Another question that has been raised is the risk of clonal evolution. This refers to gradual addition of new defects to the one you may have had to begin with. Clonal evolution is a fact of life with CLL. Some patients have a more unstable variety of CLL; their CLL cells are more likely to pick up new defects as the disease progresses. For these patients it is often a slippery slope that seems to pick up more dangerous defects over time. Many of the standard chemotherapy drugs are also thought to accelerate the process of clonal evolution. Fludarabine, for example, has been cited for selecting for 17p deletion, the most dangerous of the FISH defects.
But even without the help of chemotherapy, clonal evolution can happen over time. CLL cells are genetically unstable, a classic feature of most cancer cells. Recently, it has been shown that clonal evolution happens more frequently in patients with the IgVH unmutated variety of CLL, and less frequently in patients with mutated IgVH. This is one of the reasons why mutated IgVH is an indicator of better prognosis, since it seems to give some degree of protection from clonal evolution to more dangerous chromosomal defects. Remember though, we are talking statistics here. A given individual patient with the good mutated IgVH can still have clonal evolution happen, just that it is not as likely as in the case of someone who has the unmutated IgVH variety. Clonal evolution is one reason to consider getting periodic FISH testing done, to see if you have become the ‘proud’ owner of a new chromosomal defect since the last time you looked.

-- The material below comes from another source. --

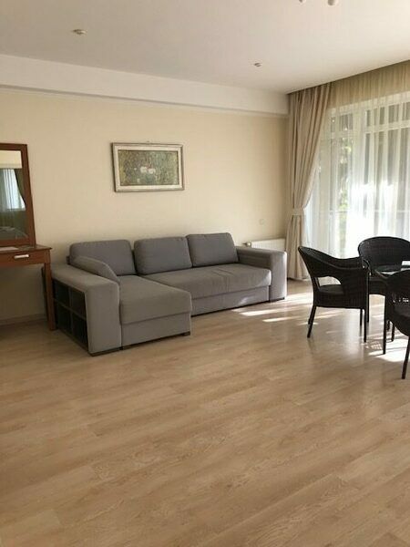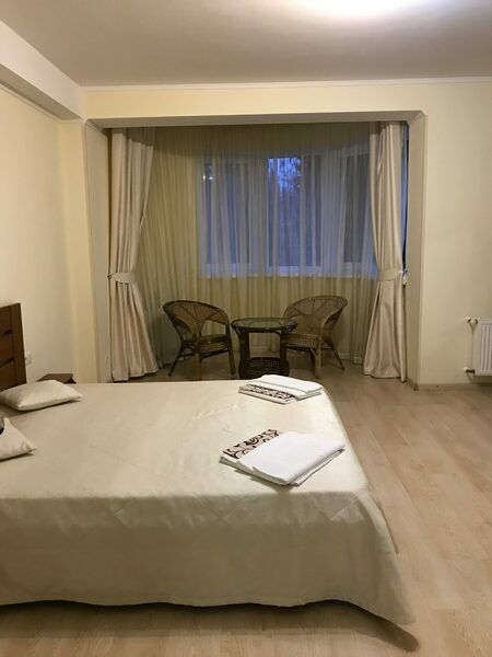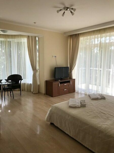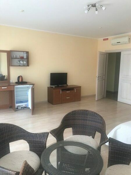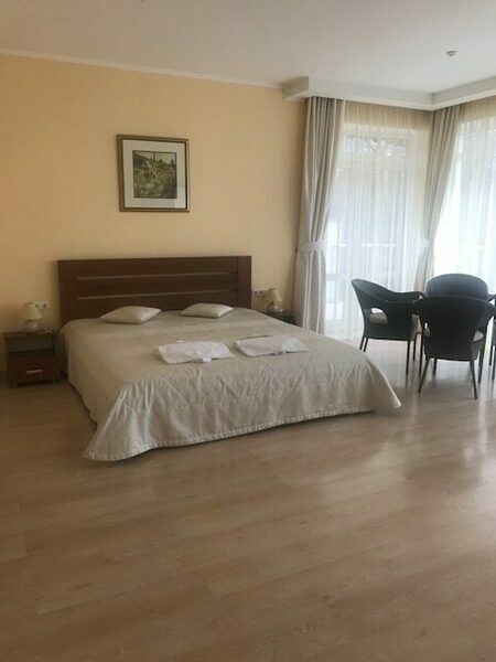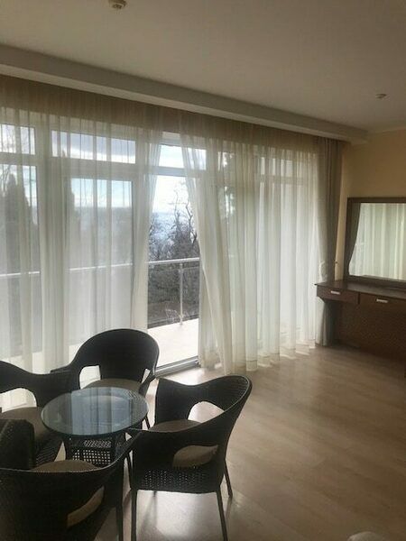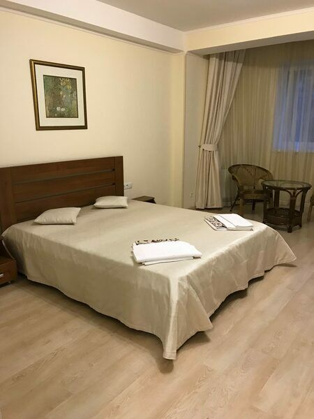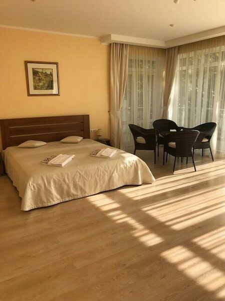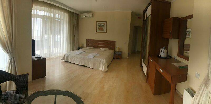 Проживание в номерах разных категорий, питание не входит в стоимость. На территории находится продовольственный магазин, кафе. Гости приезжающие на своем авто, могут пользоваться бесплатными услугами парковки. Пляж галечный, находится на расстоянии ста метров от отеля, имеются шезлонги.

How should we advice “Martin”?
First, congratulations are in order since Martin is still pcr negative. This confirms that his CLL is still below our most sensitve detection limits and he can therefore hope to get a long & durable remission on that front.
But what is the deal with that comment “Flow Cytometry test showed a small cluster of unusual cells, possibly, but not necessarily, related to CLL”? This sounds like flow cytometry identified a small collection of cells with a fingerprint of CD markers that was not the classic pattern one would expect from CLL.

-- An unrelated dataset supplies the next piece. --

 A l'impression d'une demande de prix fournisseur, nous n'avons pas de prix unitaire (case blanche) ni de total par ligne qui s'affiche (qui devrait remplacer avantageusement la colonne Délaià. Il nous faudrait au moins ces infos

It could be nothing, it could be something. What to do? For starters, I think it is a good idea to ask the researcher what exactly they think they identified. If I were to bet, I would expect this is MGUS (monoclonal gammopathy of unknown significance), since a significant portion of CLL patients have small colonies plasma cells that have wandered off of the healthy path. We discussed MGUS in a recent Topics Alert and you can get a lot more information about it there. Bottom line, what to do about this small colony of aberrant cells identified by flow cytometry depends on what exactly it is, what exactly is meant by “a small cluster”. Devil is in the details. It seems the Martin’s physician decided the best way to handle it is to continue with Revlimid therapy.